- [The problem]: A verbatim reproduction of the following listing is required; omit the pictures.

- [Data segment]:
= = = = =
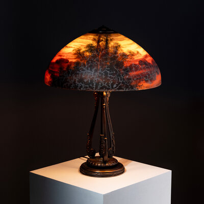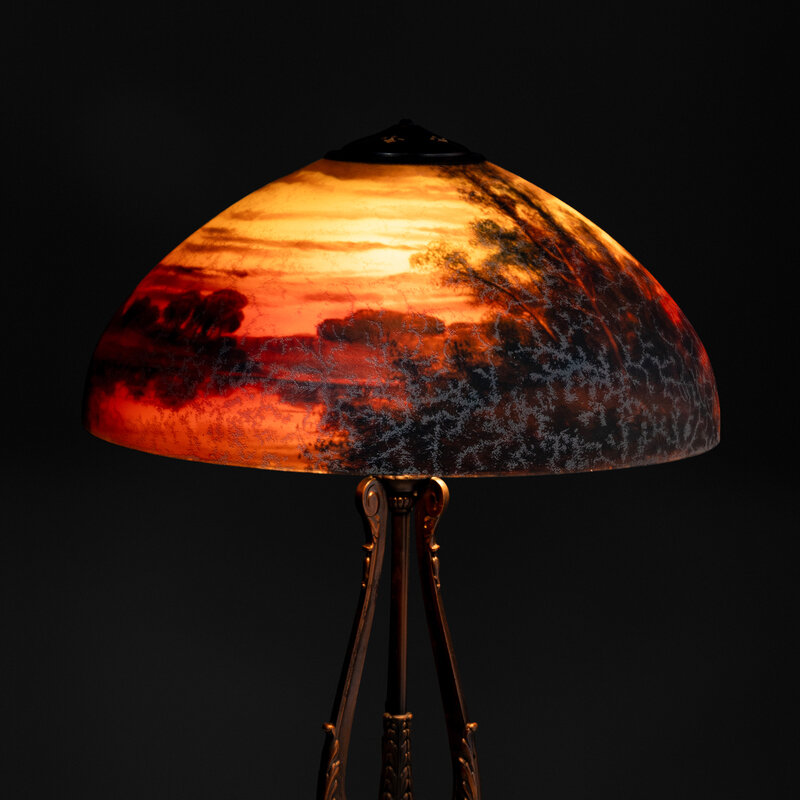 Reverse-painted glass table lamp, wooded landscape
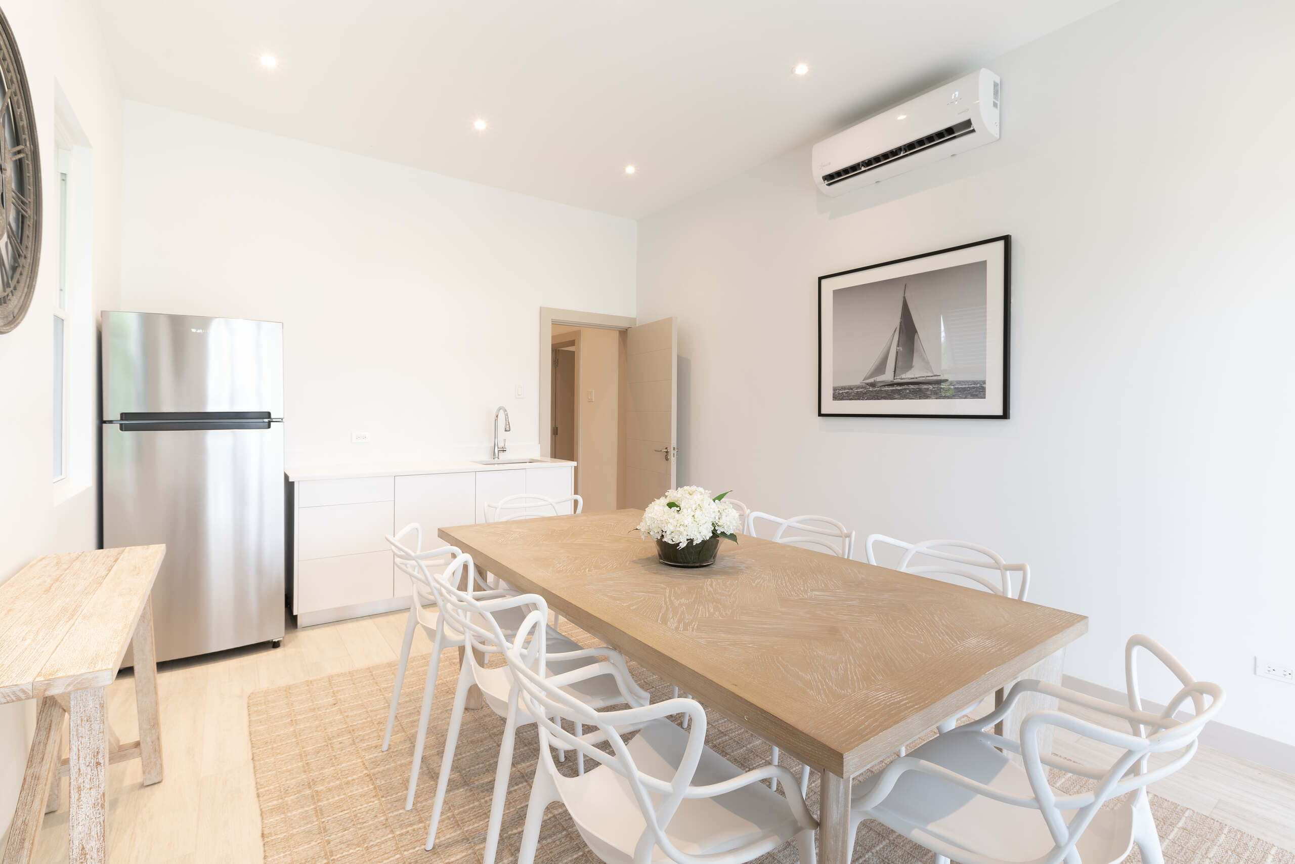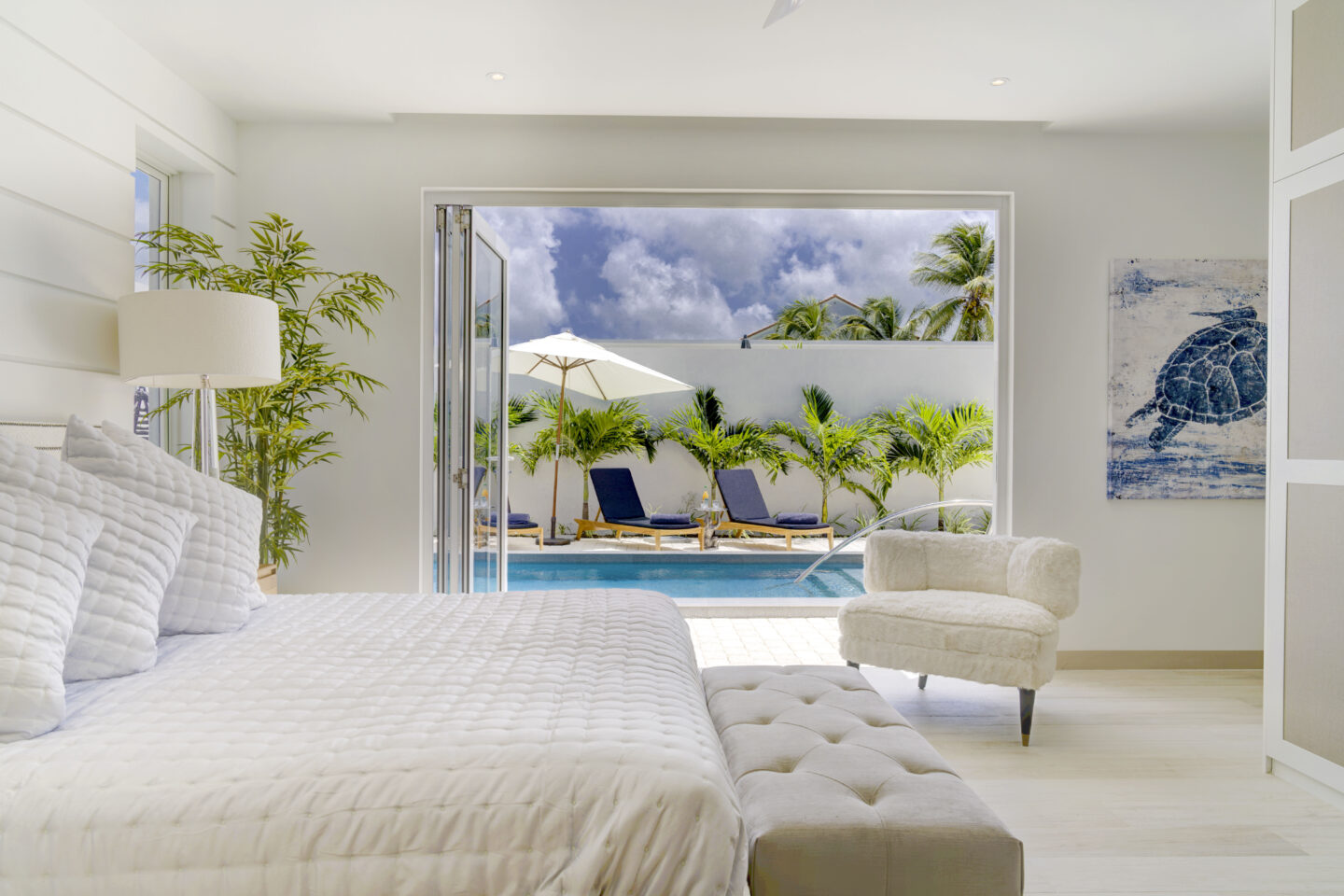Featuring four generously sized air-conditioned bedrooms, three en-suite bathrooms and a further family bathroom The White House provides comfort and convenience throughout, even extending in to the wonderful air-conditioned open plan living area. Relax in the open-plan living spaces of The White House, where retractable doors seamlessly connect indoors and outdoors, allowing the refreshing Caribbean breeze to flow in. Additionally, all bedrooms, the living room, and the veranda are equipped with ceiling fans, ensuring a continuous and pleasant Caribbean breeze throughout the entire property.
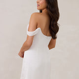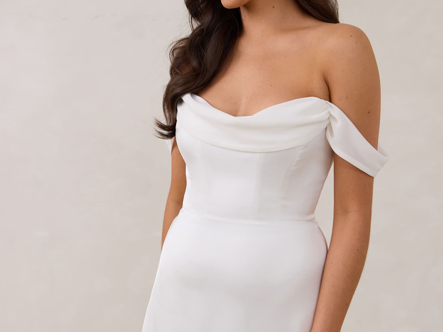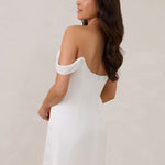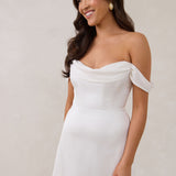 Crafted from sleek satin, this mini dress features a soft draped chiffon neckline and delicate off-the-shoulder sleeves for an understated yet striking look. Whether for a rehearsal dinner, bridal shower, or after-party, it’s the perfect piece for any wedding moment.
= = = = =
- [Exercise response]:
 Reverse-painted glass table lamp, wooded landscape
Featuring four generously sized air-conditioned bedrooms, three en-suite bathrooms and a further family bathroom The White House provides comfort and convenience throughout, even extending in to the wonderful air-conditioned open plan living area. Relax in the open-plan living spaces of The White House, where retractable doors seamlessly connect indoors and outdoors, allowing the refreshing Caribbean breeze to flow in. Additionally, all bedrooms, the living room, and the veranda are equipped with ceiling fans, ensuring a continuous and pleasant Caribbean breeze throughout the entire property.
 Crafted from sleek satin, this mini dress features a soft draped chiffon neckline and delicate off-the-shoulder sleeves for an understated yet striking look. Whether for a rehearsal dinner, bridal shower, or after-party, it’s the perfect piece for any wedding moment.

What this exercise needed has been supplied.